### Raw data
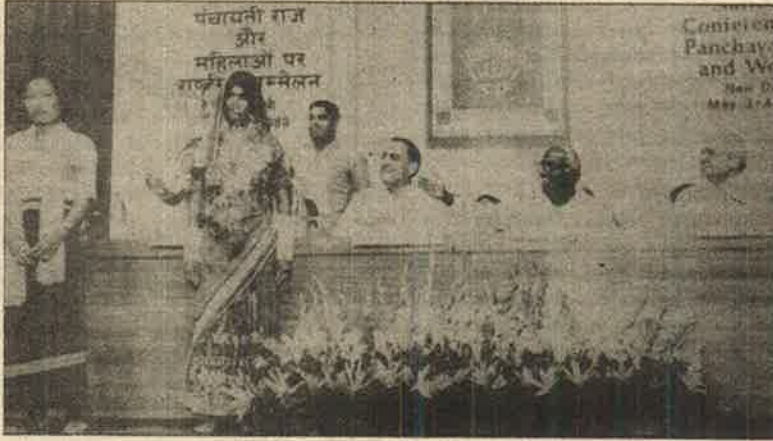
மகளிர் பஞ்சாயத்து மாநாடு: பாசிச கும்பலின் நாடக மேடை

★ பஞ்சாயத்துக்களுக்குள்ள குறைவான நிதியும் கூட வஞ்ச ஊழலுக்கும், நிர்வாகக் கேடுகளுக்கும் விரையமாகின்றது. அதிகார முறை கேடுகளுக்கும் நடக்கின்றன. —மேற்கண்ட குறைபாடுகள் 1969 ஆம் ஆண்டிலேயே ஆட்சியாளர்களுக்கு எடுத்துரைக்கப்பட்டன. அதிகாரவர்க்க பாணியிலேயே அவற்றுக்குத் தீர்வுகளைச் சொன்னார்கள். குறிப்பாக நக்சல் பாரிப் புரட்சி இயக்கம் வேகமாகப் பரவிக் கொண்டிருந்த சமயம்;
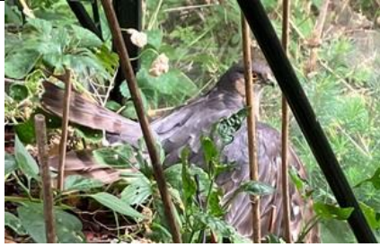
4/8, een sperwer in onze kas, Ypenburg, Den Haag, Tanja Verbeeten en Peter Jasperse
==
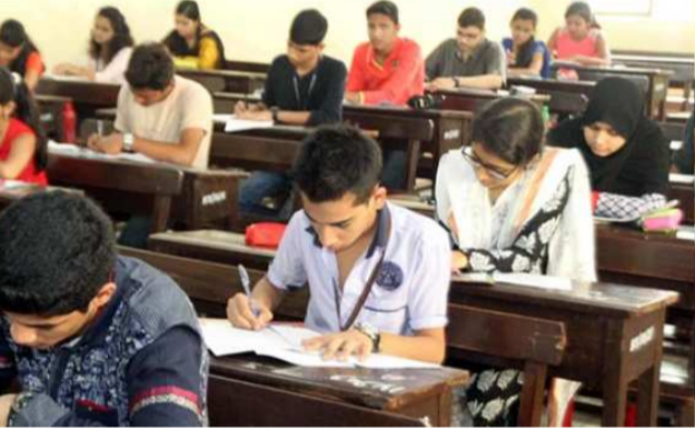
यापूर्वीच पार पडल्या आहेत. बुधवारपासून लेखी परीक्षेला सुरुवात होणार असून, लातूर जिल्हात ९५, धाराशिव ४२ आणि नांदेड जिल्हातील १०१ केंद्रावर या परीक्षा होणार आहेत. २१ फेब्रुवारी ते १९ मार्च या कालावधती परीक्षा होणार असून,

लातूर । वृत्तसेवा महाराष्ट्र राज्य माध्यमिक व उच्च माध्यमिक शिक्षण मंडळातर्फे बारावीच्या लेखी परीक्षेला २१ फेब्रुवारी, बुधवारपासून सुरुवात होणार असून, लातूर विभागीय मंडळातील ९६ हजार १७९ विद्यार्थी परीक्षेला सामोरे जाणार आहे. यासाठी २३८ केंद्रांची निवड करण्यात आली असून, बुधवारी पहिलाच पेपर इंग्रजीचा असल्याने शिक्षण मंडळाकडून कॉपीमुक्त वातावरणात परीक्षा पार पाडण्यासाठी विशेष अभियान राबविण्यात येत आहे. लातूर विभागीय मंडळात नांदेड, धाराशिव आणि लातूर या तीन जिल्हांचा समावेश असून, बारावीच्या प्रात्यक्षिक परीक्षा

### Work to complete
What lines above run from the one with "மகளிர் பஞ்சாயத்து மாநாடு: பாசிச" to the one with "4/8, een sperwer"? Give them again exactly, ends included, and leave the pictures out.

### Response area
மகளிர் பஞ்சாயத்து மாநாடு: பாசிச கும்பலின் நாடக மேடை

★ பஞ்சாயத்துக்களுக்குள்ள குறைவான நிதியும் கூட வஞ்ச ஊழலுக்கும், நிர்வாகக் கேடுகளுக்கும் விரையமாகின்றது. அதிகார முறை கேடுகளுக்கும் நடக்கின்றன. —மேற்கண்ட குறைபாடுகள் 1969 ஆம் ஆண்டிலேயே ஆட்சியாளர்களுக்கு எடுத்துரைக்கப்பட்டன. அதிகாரவர்க்க பாணியிலேயே அவற்றுக்குத் தீர்வுகளைச் சொன்னார்கள். குறிப்பாக நக்சல் பாரிப் புரட்சி இயக்கம் வேகமாகப் பரவிக் கொண்டிருந்த சமயம்;
4/8, een sperwer in onze kas, Ypenburg, Den Haag, Tanja Verbeeten en Peter Jasperse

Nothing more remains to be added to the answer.